The first thing you hear in a wreck is the crash of the car. The second is your own bones. I heard a bone in my forearm crack as I tried to protect myself from the air bags. I heard something in my back crack as I flung back into my seat. The third thing you hear is your screams and the others in the vehicle. Mom is screaming “Jesus Christ. Jesus Christ. Jesus Christ.” I can’t hear my scream. I only hear a high shrill and feel my mouth stretch out wide. Finally, when it all stops you hear the other driver. I can see through the cracked windshield a big, bald man stick his head out of the truck I plowed into. I vaguely pick up his angry spits of “ass hat”, “brand new truck”, and “dammed teenagers not givin’ two shits”.

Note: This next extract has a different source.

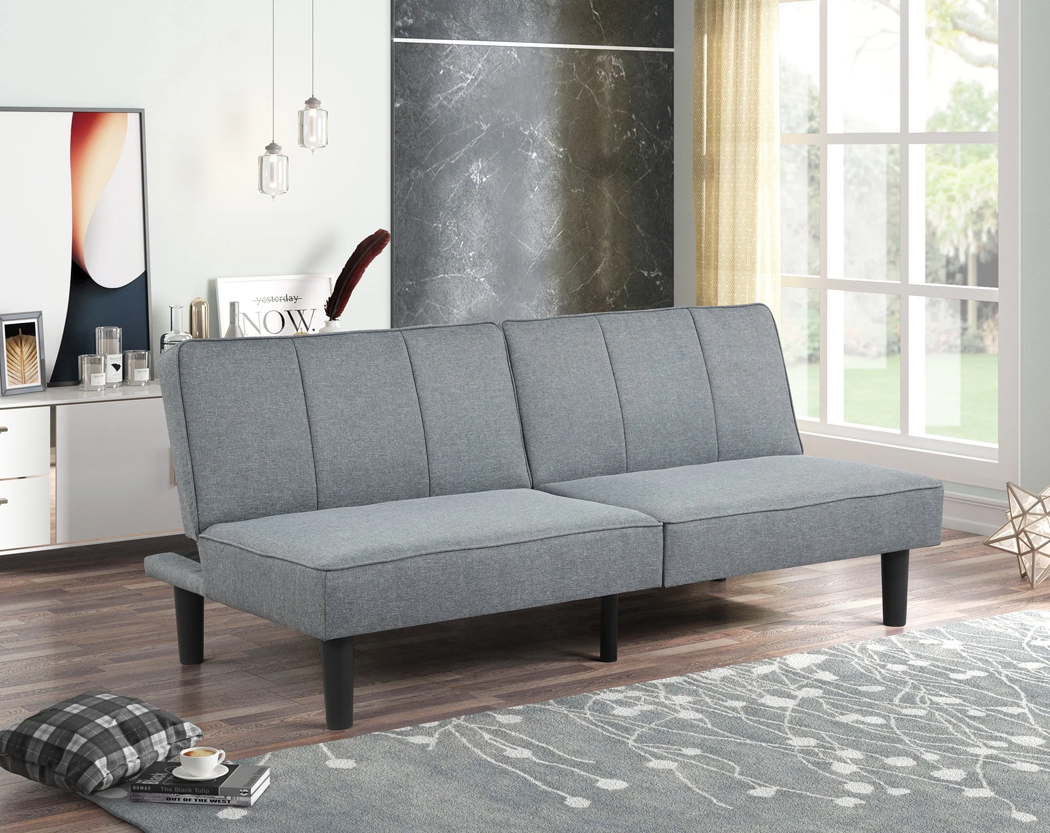 Mainstays Studio Futon, Gray Linen Upholstery

My body tingles with adrenal. I feel it run from my feet up to my fingers, which are still gripping tightly on the wheel. My whole body moves with my pulse. I breathe in quick, heavy breaths to calm down. Mom is in the same state, her mouth open and her body shaking. Her face is covered with blood and tears. Her nose must of hit the dashboard. She immediately turns to me.
“Oh, God. Matthew.” She’ll probably curse me out. She’ll probably furrow her brow and tell me to grow up yet again. “Are you okay? Do you have anything broken?” She can barely get it out in her now raspy voice.
“I think I hurt my arm.” I try to pick it up, but the sharp pain that runs up my arm tells me not to.
“I think I did too.” She says not focused on me. She’s trying to pull her arm out of something.
I look down and see her attempt to pull out her left arm. It’s most definitely broken because of where it ended up. It’s in between the airbag and my chest. She had done what every mother does and has done for years. While driving with something fragile, she would reach over and attempt to protect it, as if her arm could hold back its ultimate demise.